Shippers who are able to trim the distance on deliveries will benefit from the ongoing trend of carrier diversification. Increasing competition from regional delivery companies, which focus on shorter-distance shipments, led to less drastic price increases in the shorter zones, according to Priest.
"For UPS and FedEx, it would be wise for them not to dismiss that impact and that is what you see in the pricing here," Priest said.
Higher shipping costs to rural destinations
FedEx is instituting a new $13.25 per package surcharge for domestic package shipments going to designated rural ZIP codes in the contiguous U.S.
This follows UPS’ announcement of a similar surcharge last year. For UPS, its per-shipment remote area surcharge will increase to $13.05 in the contiguous U.S., effective Dec. 27. These charges can particularly sting shippers who often ship to rural locations, such as merchants selling hunting gear, Priest added.
More than 3 million people in the U.S. are in areas covered by FedEx's new remote surcharge, according to an analysis by independent parcel consultant Nicholas Fanelli, former global head of logistics at Gelato.
To mitigate these delivery area surcharges, Fanelli said in a LinkedIn post that online retailers should explore alternative carriers for delivery to the affected ZIP codes that don't have these surcharges.

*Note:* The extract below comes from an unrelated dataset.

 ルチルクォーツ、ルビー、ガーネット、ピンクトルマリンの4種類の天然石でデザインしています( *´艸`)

Shippers can also negotiate the published fees with the carriers or pass the surcharge cost onto affected orders.
Demand is cooling — will relief for shippers follow?
Experts note that shipping rates are negotiable, but how amenable the delivery giants will be to concessions is up for debate.

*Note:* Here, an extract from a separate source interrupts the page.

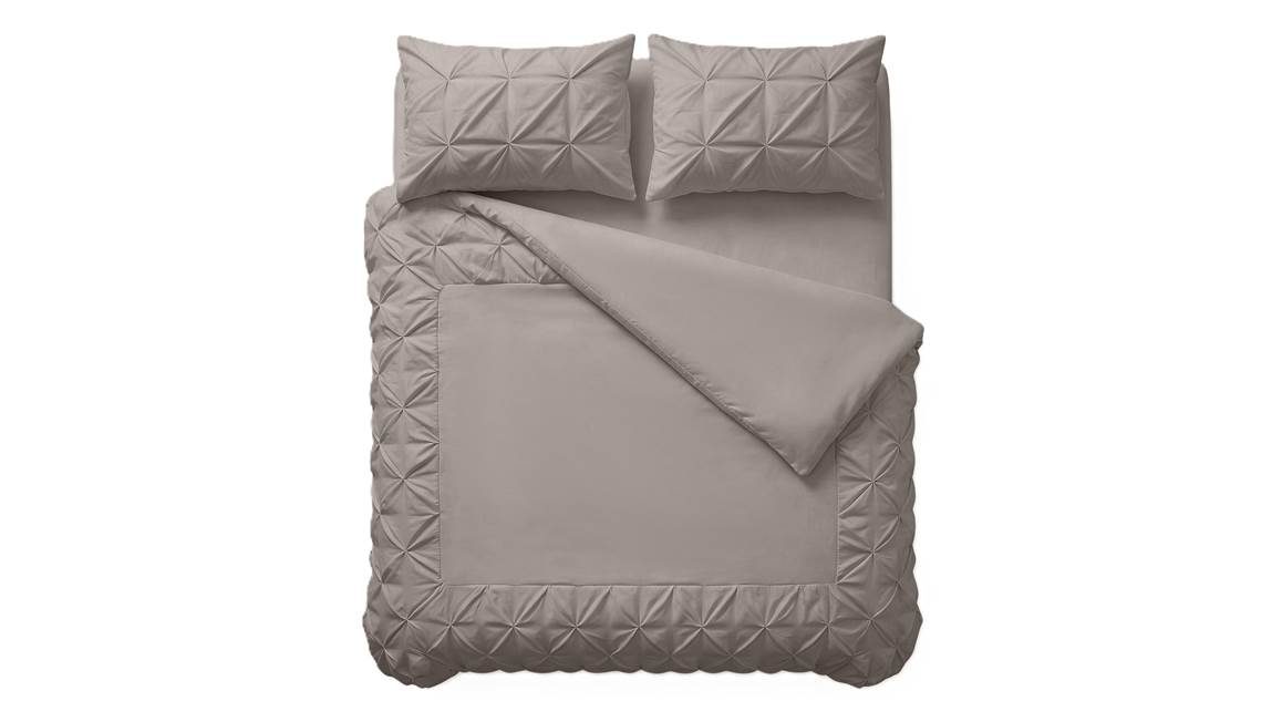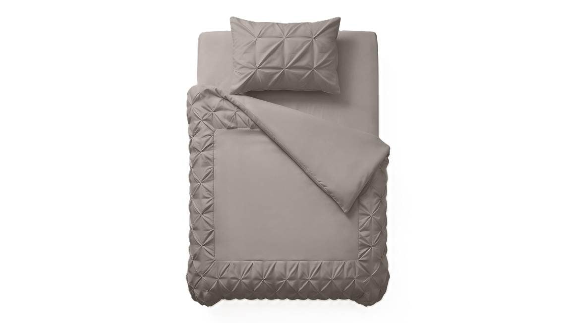 Trendy en luxe, dat is het Border Pintuck dekbedovertrek van het merk Sleeptime! Het overtrek is voorzien van een rand die pintuck geweven is, waardoor diverse plooien mooi samen komen. De taupe kleur heeft grijze gloed, waardoor je je eigen ontspannen hotelgevoel zo in huis haalt. Droom iedere avond heerlijk weg!

Since the COVID-19 pandemic caused a surge in home delivery volumes, demand hasn't been an issue for the carriers. Ground shipping rates have climbed to record highs as a result, according to the Cowen/AFS Ground Parcel Freight Index. Discounts are easier to come by when FedEx and UPS are pursuing volume growth more so than higher profits, Bates said.
Per-package ground parcel rates expected to hit all-time high in Q4
But cooling demand reported by both carriers in their most recent quarters suggests that the pricing pendulum may be swinging back in shippers' favor.
UPS, for example, is open to passing on the savings generated from its in-house productivity initiatives to its customers, CEO Carol Tomé said on an earnings call Tuesday. Although UPS has prioritized increasing per-package revenue to expand margins under Tomé, the company will balance that strategy with its productivity efforts to fuel growth going forward.
"In fact, as we continue to drive productivity inside of our business, we're willing to give some of that back to our customer through a revenue share, because why not?" Tomé said. "If we can increase delivery density…we'll give some of that back, because we should."
Correction: This story has been updated to reflect corrections Shipware made to its original analysis of UPS 3 Day Select shipping rates, which had been based on incorrect data. An earlier version of the story also included a quote based on that analysis that was no longer relevant.